__Supplied material__:
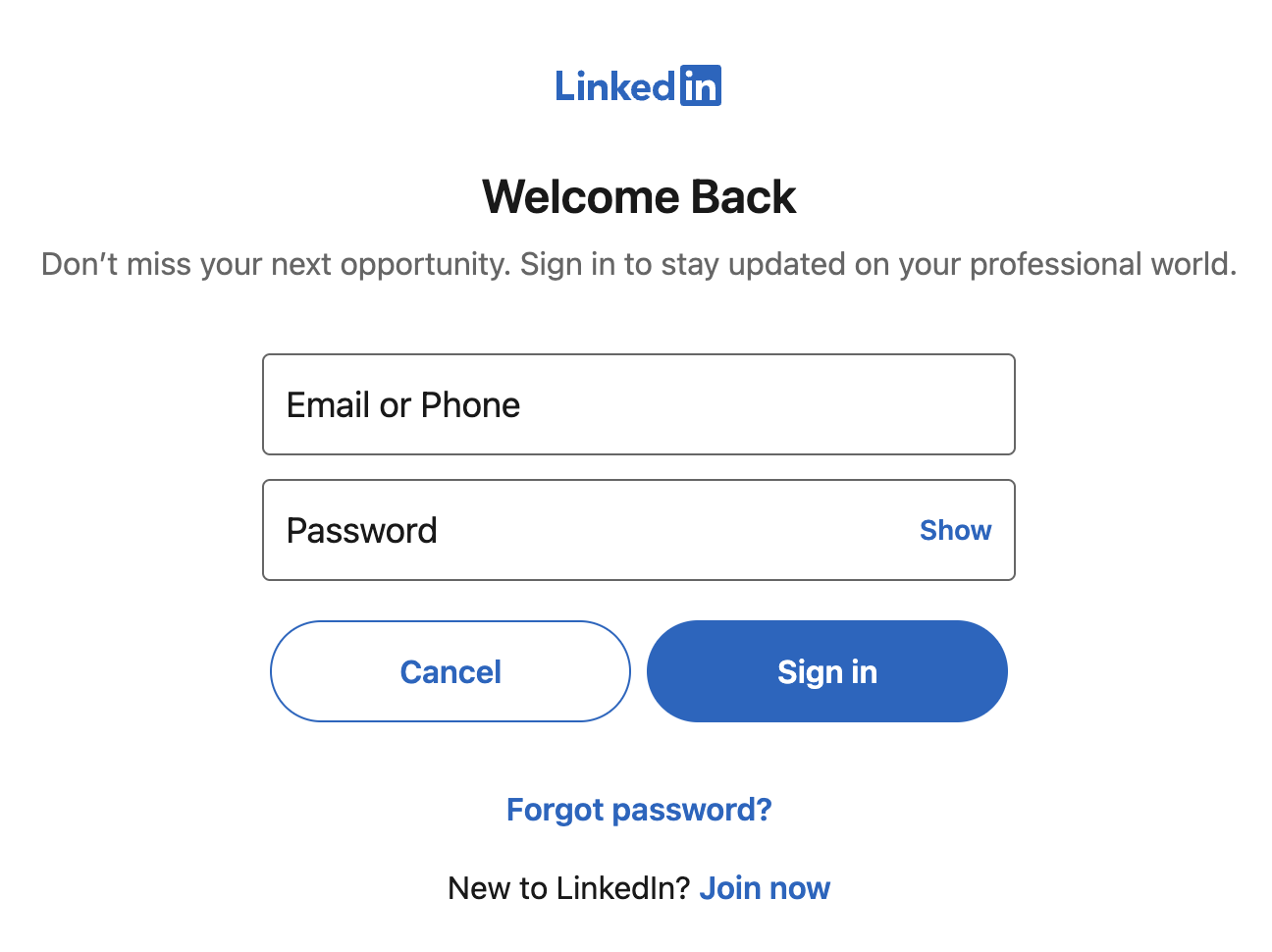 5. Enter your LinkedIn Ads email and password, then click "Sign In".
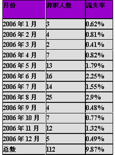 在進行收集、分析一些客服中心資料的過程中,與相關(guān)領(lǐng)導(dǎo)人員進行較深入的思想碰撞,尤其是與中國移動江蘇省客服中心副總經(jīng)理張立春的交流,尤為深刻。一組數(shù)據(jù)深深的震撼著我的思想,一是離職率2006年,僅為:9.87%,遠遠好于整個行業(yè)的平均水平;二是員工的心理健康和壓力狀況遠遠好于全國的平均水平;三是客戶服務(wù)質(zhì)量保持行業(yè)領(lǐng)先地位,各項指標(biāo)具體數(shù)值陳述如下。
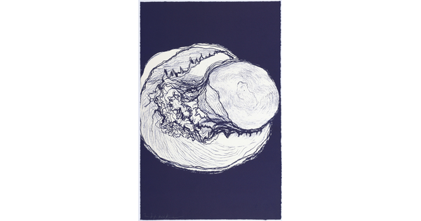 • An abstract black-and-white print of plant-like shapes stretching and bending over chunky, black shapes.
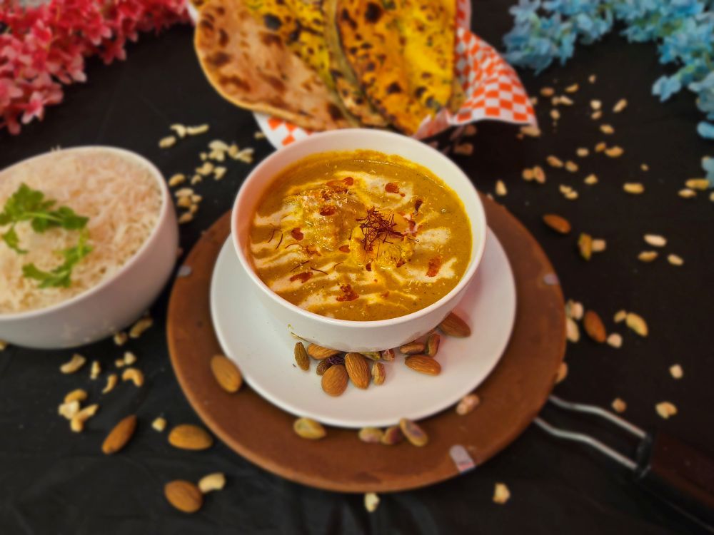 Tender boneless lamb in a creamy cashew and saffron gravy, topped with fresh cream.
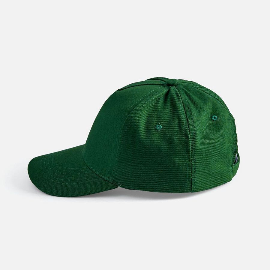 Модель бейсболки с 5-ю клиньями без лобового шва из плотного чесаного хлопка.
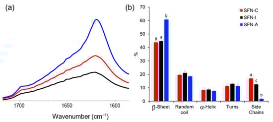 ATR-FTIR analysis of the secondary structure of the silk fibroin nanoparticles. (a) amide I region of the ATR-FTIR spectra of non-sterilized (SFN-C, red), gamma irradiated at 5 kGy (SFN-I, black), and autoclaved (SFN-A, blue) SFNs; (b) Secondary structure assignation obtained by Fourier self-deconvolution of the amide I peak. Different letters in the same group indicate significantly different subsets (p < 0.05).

__Exercise brief__: The expected output is the whole listing, word for word, minus its pictures.

__Solution__:
 5. Enter your LinkedIn Ads email and password, then click "Sign In".
 在進行收集、分析一些客服中心資料的過程中,與相關(guān)領(lǐng)導(dǎo)人員進行較深入的思想碰撞,尤其是與中國移動江蘇省客服中心副總經(jīng)理張立春的交流,尤為深刻。一組數(shù)據(jù)深深的震撼著我的思想,一是離職率2006年,僅為:9.87%,遠遠好于整個行業(yè)的平均水平;二是員工的心理健康和壓力狀況遠遠好于全國的平均水平;三是客戶服務(wù)質(zhì)量保持行業(yè)領(lǐng)先地位,各項指標(biāo)具體數(shù)值陳述如下。
 • An abstract black-and-white print of plant-like shapes stretching and bending over chunky, black shapes.
 Tender boneless lamb in a creamy cashew and saffron gravy, topped with fresh cream.
 Модель бейсболки с 5-ю клиньями без лобового шва из плотного чесаного хлопка.
 ATR-FTIR analysis of the secondary structure of the silk fibroin nanoparticles. (a) amide I region of the ATR-FTIR spectra of non-sterilized (SFN-C, red), gamma irradiated at 5 kGy (SFN-I, black), and autoclaved (SFN-A, blue) SFNs; (b) Secondary structure assignation obtained by Fourier self-deconvolution of the amide I peak. Different letters in the same group indicate significantly different subsets (p < 0.05).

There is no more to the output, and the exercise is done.